Mrs. Gordon is a direct descendant of a U.S. vice president. But she only discovered that fact in recent years. Her ancestor is Richard Mentor Johnson of Kentucky, the ninth vice president of the United States (1837-1841). He served under Martin Van Buren.
How on earth could Brenda Gordon not have known that her great-great-great-grandfather was Vice President Richard M. Johnson? Wasn’t this fact passed proudly from generation to generation inside her family?
No, it was not.
Why not? Because the woman who bore Johnson’s two children — a woman named Julia Chinn — was, by law, a Negro. And in Johnson’s time (not to mention since), this was scandalous.
“I grew up never hearing the names Richard M. Johnson (even in Kentucky history classes) or Julia Chinn,” Mrs. Gordon wrote to me during a recent email exchange.
How much of a “Negro” was Julia Chinn? Well, she was a slave… a slave Richard Johnson inherited from his father. She was “Negro” enough that Johnson couldn’t have married her legally.
Yet she was, in effect, his common-law wife.
Richard Mentor Johnson
“She was the hostess at his Kentucky home when [French aristocrat] the Marquis de Lafayette visited,” wrote Lindsey Apple, a retired Georgetown College history professor, in answer to questions from me.
Evidently Julia Chinn was one-eighths black (i.e., she had one black great-grandparent). She was described as a “mulatto” but she was, more precisely, an “octoroon.”
No paintings of Julia are known to exist, but she must’ve been very light-skinned. Her two daughters by Richard M. Johnson — Imogene Chinn Johnson and Adaline Chinn Johnson — both married white men.
Which means that Imogene and Adaline became bona fide, fully vested white people. And well-off ones, because Richard Johnson gave some of his farmland to each of them and their husbands.
Extraordinary. Especially when you consider that Richard Mentor Johnson was a politician.

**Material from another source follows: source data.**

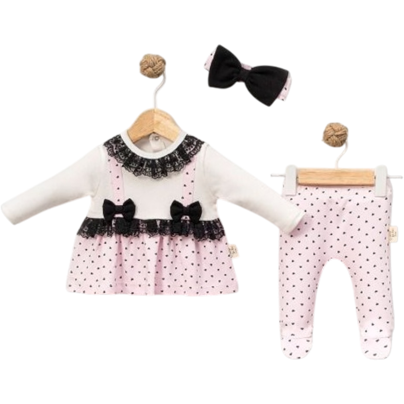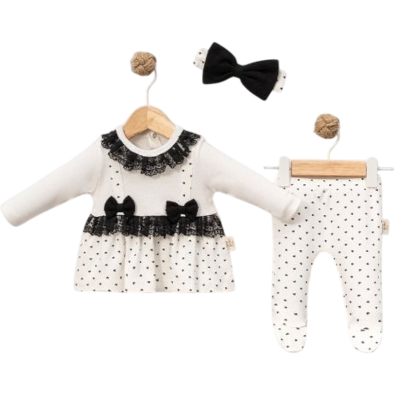 8059 toptan 3-6 aylık kız bebekler siyah dantelli için ikili takım elbise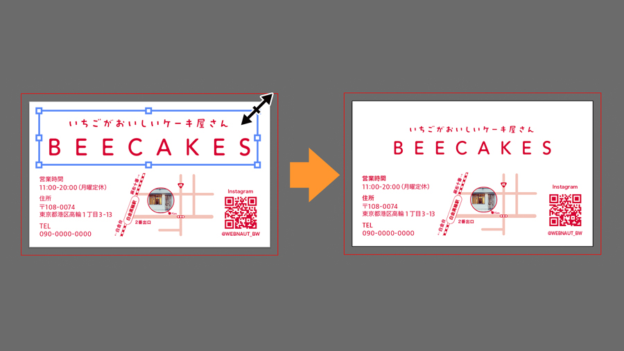 続いて裏面の素材も配置します。まず上にロゴ、下に住所、地図、QRコードを配置し、それぞれを細かく調整していきます。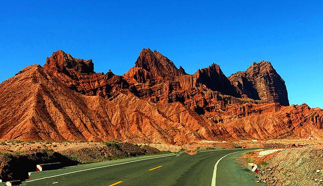 达坂城风力发电站位于乌鲁木齐市区与达坂城区之间的公路旁,由数百座巨大的发电风车组成,是全国最大的风能基地。数百台风力发电机擎天而立、迎风飞旋,在博格达峰清奇峻秀的背景下,在广袤的旷野之上,形成了一个蔚为壮观的风车大世界。这里的朝阳和夕阳往往更加火红,每天日出日落时,风车背后天光似火,是拍出摄影大片的好时机。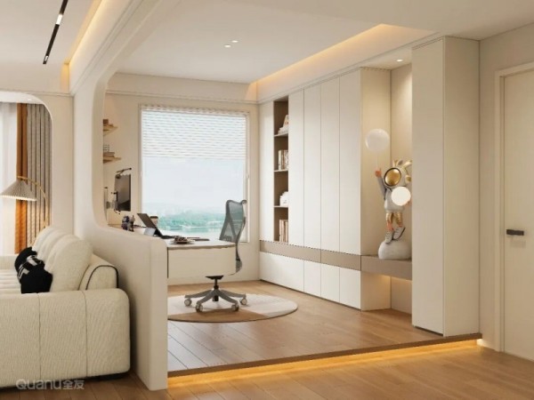 全友案例丨120㎡现代风,半墙隔断装出客厅+书房!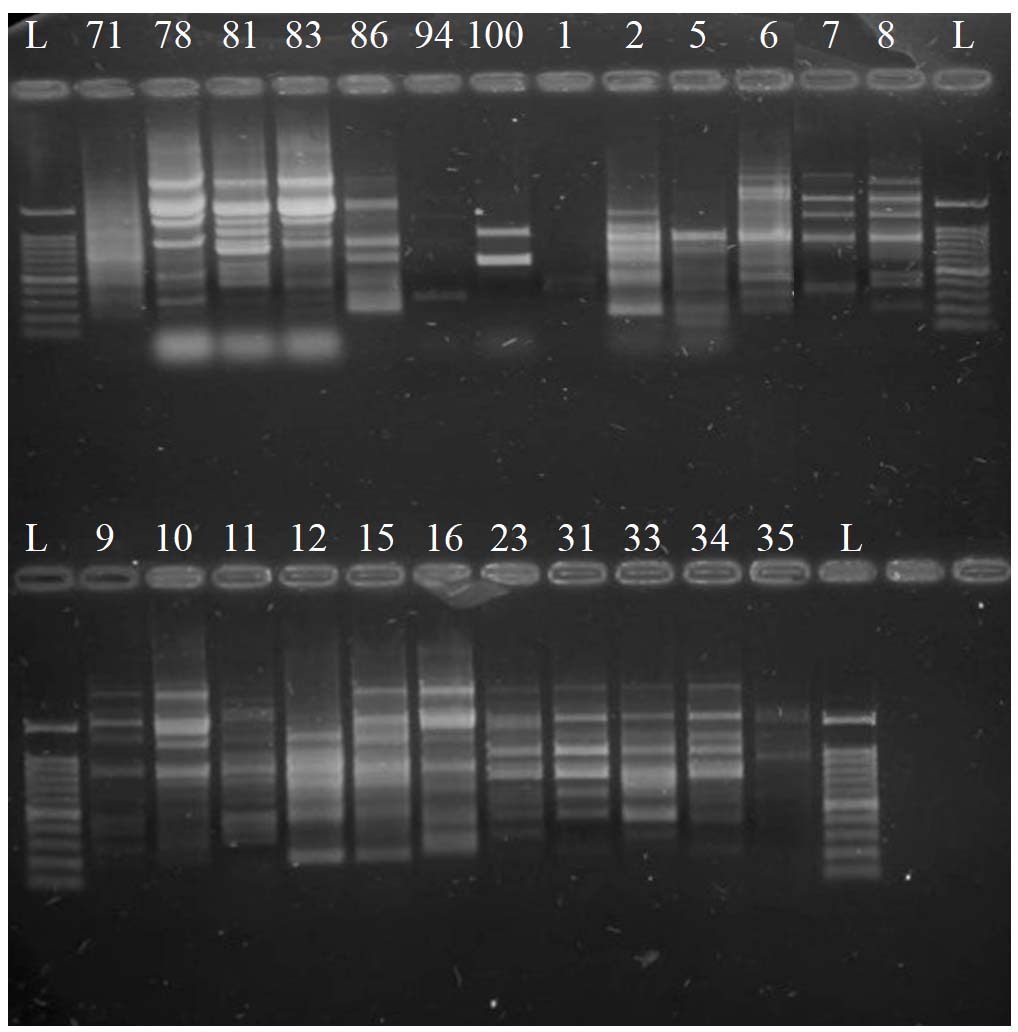 Figure 5. RAPD-PCR product profiles using the primer OPI_06. Lane L = ladder 100-bp. The 24 labeled Lanes are for the RAPD-PCR product of C. albicans DNA of the recovered isolates in Palestine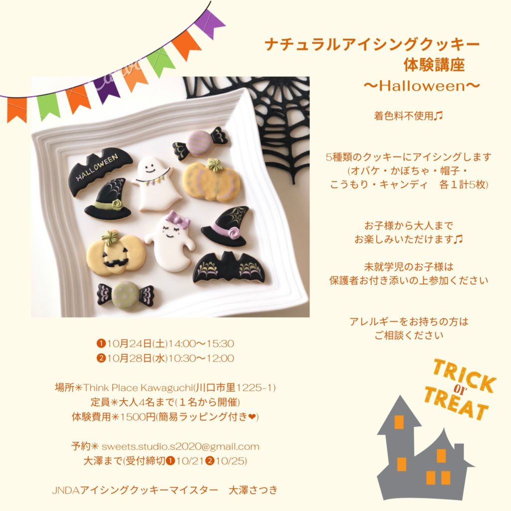 大澤さつきさんによる~❤︎ハロウィン❤︎ ナチュラルアイシングクッキー体験講座のご案内~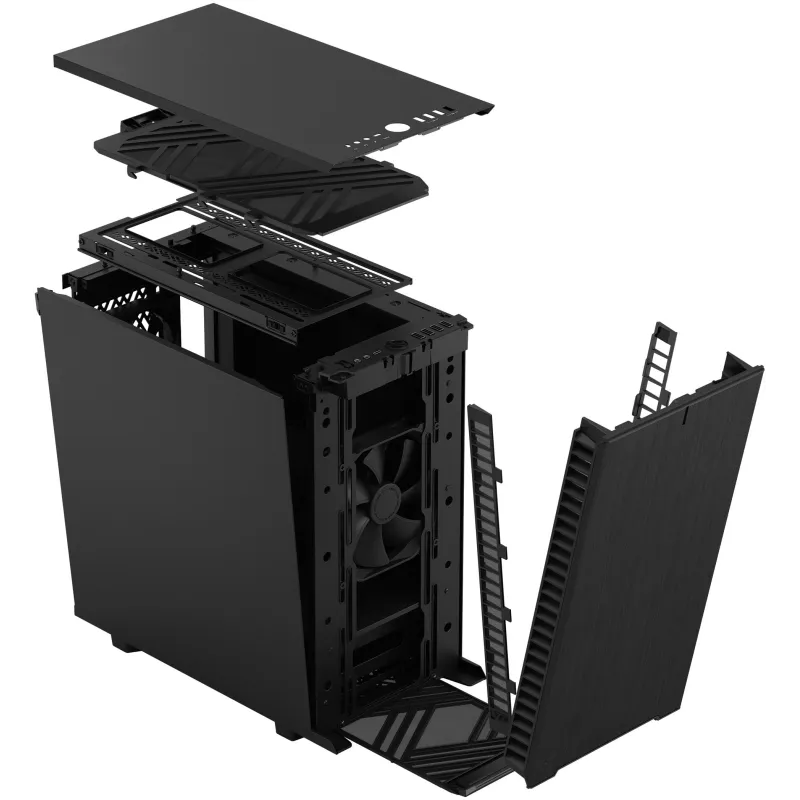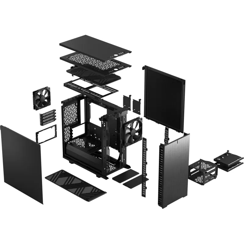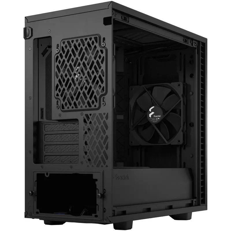 Torre Fractal Design Define 7 Mini FD-C-DEF7M-01 con ventiladores frontales 140 mm, compatible con placas base micro ATX, diseño compacto en acero negro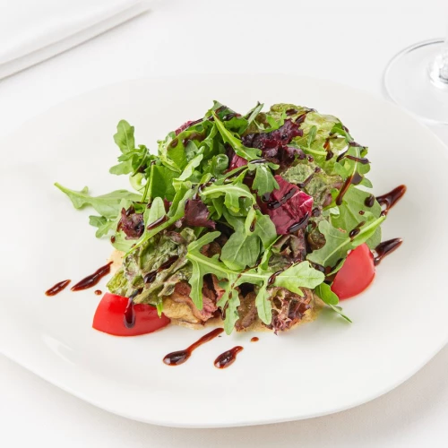 Говядина, грибы белые, соевый соус, сок имбиря, устричный соус, чеснок, сливки, черри, микс салат, руккола, оливковое масло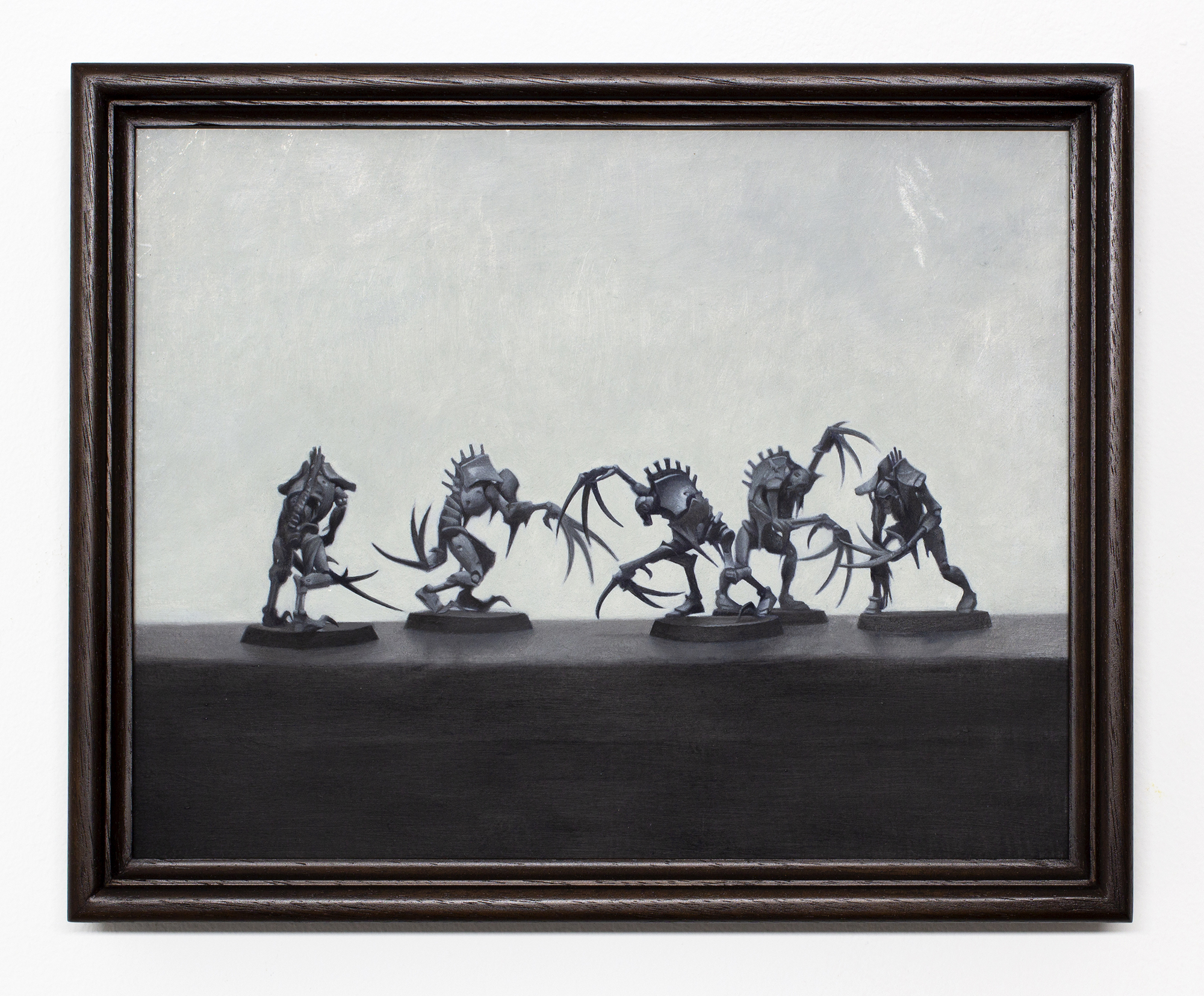 seven high elf spearmen in gradient formation, 2024 Oil on linen over panel 5 ½ × 8 ¾ in. (13.97 × 22.23 cm)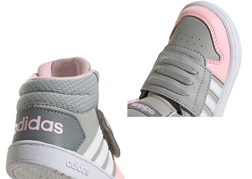 Scarpe da Tennis Infant Bambina Bimba Bambini Adidas HOOPS MID 2.0 I GZ7779 Colore Grigio Rosa Bianco.  Sneakers alte sportive e casual, versatili per scuola, tempo libero e passeggiate. Perfette per attività sportive come ginnastica, palestra, allenamento, basket, skateboarding. Chiusura comoda con strappo ideale per i più piccoli, Tomaia in Similpelle, Plantare estraibile per maggiore igiene e praticità. Ideali per la stagione autunno/inverno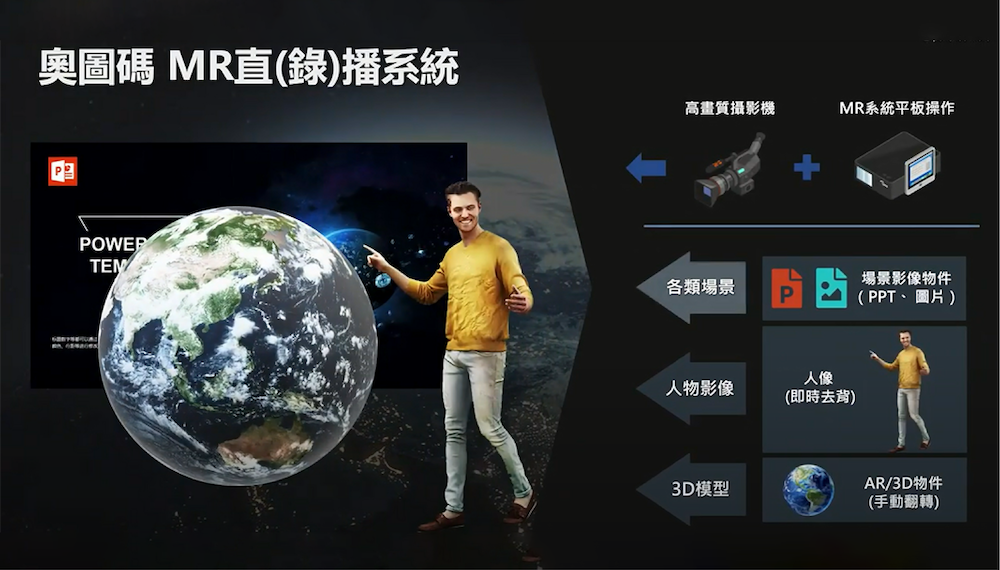 目前南一書局提供國中自然地球科學、國中自然生物、高中地球科學、高中地理四個主題包,共計 15 個課程,每一課程主題包內含有 MR 教學影片、動畫、教學用簡報、教案與學習單,讓老師可以使用登入網站,使用新型態的教材進行教學。在使用上,老師僅需透過平板設備,即可於課堂中操控使用 MR 技術量身打造的教材,包含圖片、影片與簡報頁面等,系統也提供老師自己錄影、編輯功能,可執行放大、縮小、旋轉功能之 AR 3D 物件並結合即時人像攝影無幕/綠幕去背功能,可將講者的身影經由奧圖碼的影像疊合技術交融於虛擬場景之中,以更活潑的方式進行講材介紹。

His public career included terms in the Kentucky state legislature (1804-1806; 1819), the U.S. House of Representatives (1807-1819; 1829-1837) and the U.S. Senate (1819-1829) prior to his becoming vice president.
I still can’t figure out how he managed to get elected and re-elected (in Kentucky!) when his love life with a Negro slave was pretty much an open secret.
Johnson’s political enemies sure did their best to spread the word about his babies’ mama.
Duff Green, a partisan journalist of the era, is said to have described Julia Chinn as “a jet-black, thick-lipped, odiferous negro wench.” Duff declared it to be “astonishing” that Richard Johnson had “reared a family of children whom he endeavored to force upon society as equals.”
Prof. Apple, in his email, told me: “Some of the propaganda, i.e. mudslinging said he tried to introduce his wife and daughters into Washington society. I have found no evidence to substantiate that.”
But Johnson did dote on his daughters, and he saw to it that Imogene and Adaline were well-educated.
It’s indicative of the historical fog surrounding Julia Chinn that author Roger G. Kennedy stated incorrectly, in his 1990 book Rediscovering America, that Julia “served as the vice president’s official hostess in Washington.”
As Prof. Apple points out, “Julia died in the cholera epidemic of 1833,” several years before Johnson took office as vice president. And during Johnson’s years in Congress, Julia stayed behind in Kentucky, overseeing his large farm.
At least Roger Kennedy knows there’s a story here. He described Julia Chinn as a “deliberately forgotten woman.”